TASK DESCRIPTION:
Reproduce word for word, from the entries below, the line with "Casual loafers in", the line with "ornate design features", and every line between them, and nothing more.

DATA TO PROCESS:

↓↓↓

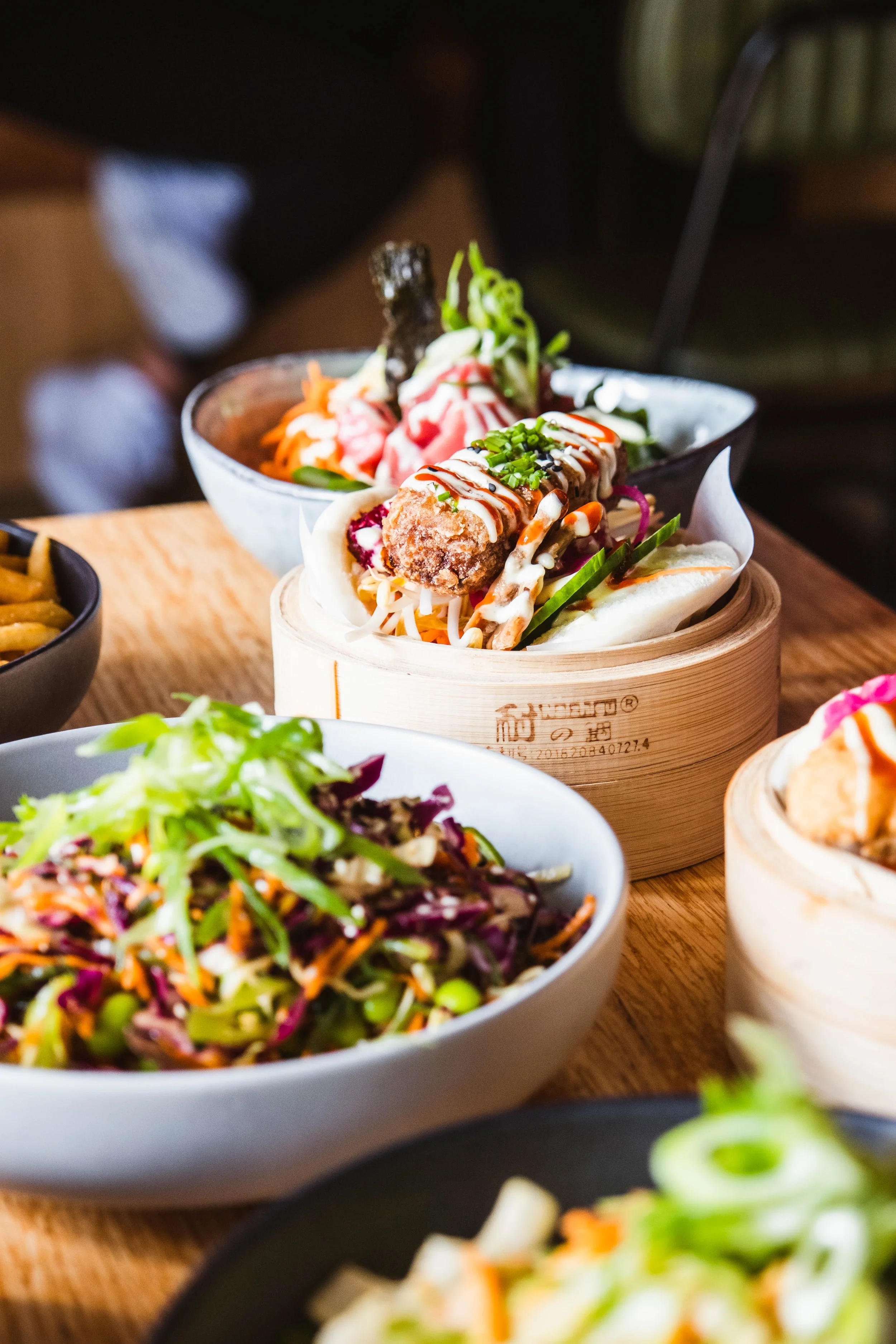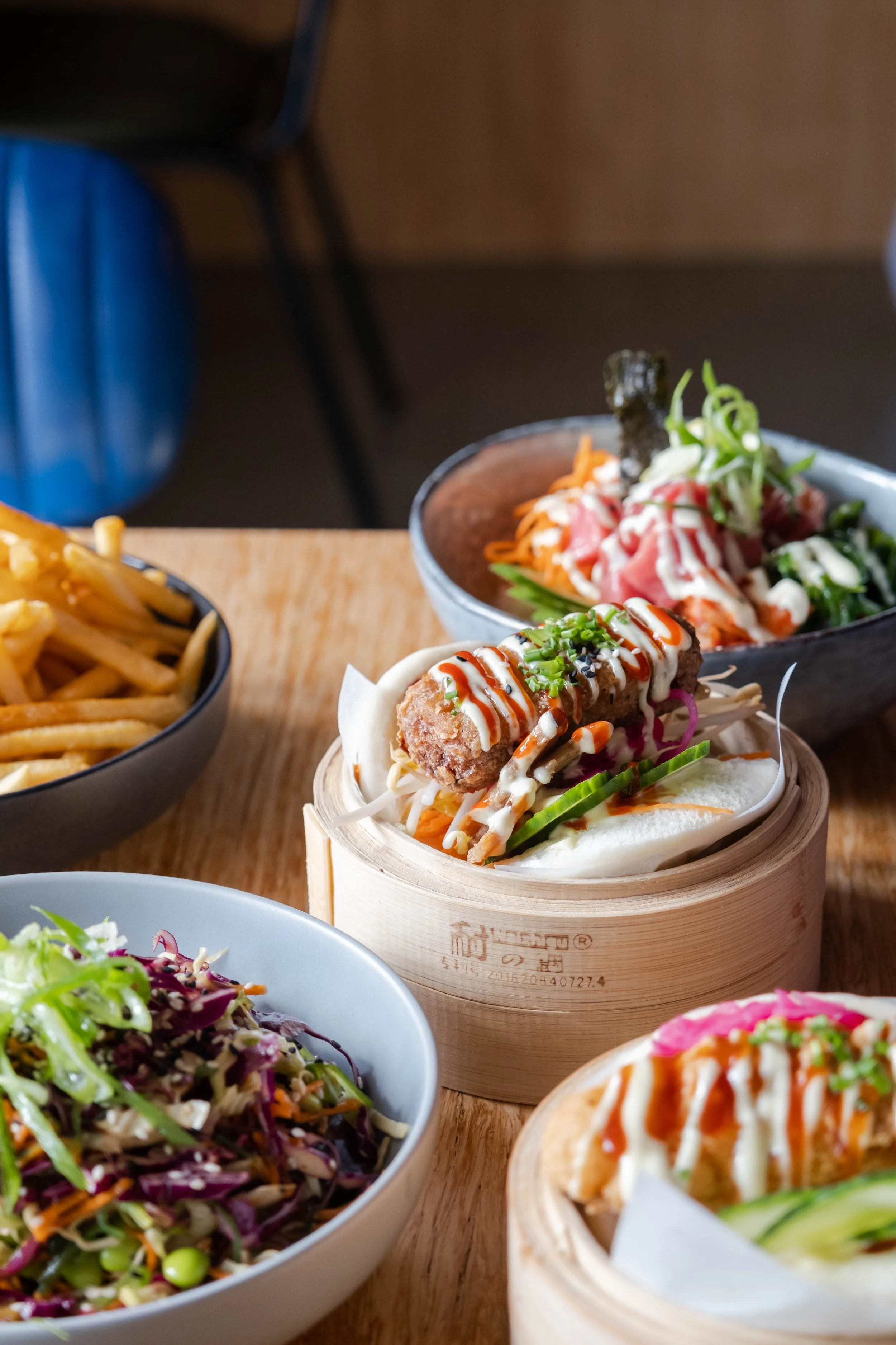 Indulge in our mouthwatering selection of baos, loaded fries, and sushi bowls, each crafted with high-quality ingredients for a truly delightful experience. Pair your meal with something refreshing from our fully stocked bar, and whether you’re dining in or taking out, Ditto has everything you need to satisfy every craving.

↑↑↑
↓↓↓

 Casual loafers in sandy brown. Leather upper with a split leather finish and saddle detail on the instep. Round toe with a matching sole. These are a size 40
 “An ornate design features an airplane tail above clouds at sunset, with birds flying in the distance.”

↑↑↑

RESULT BELOW:
 Casual loafers in sandy brown. Leather upper with a split leather finish and saddle detail on the instep. Round toe with a matching sole. These are a size 40
 “An ornate design features an airplane tail above clouds at sunset, with birds flying in the distance.”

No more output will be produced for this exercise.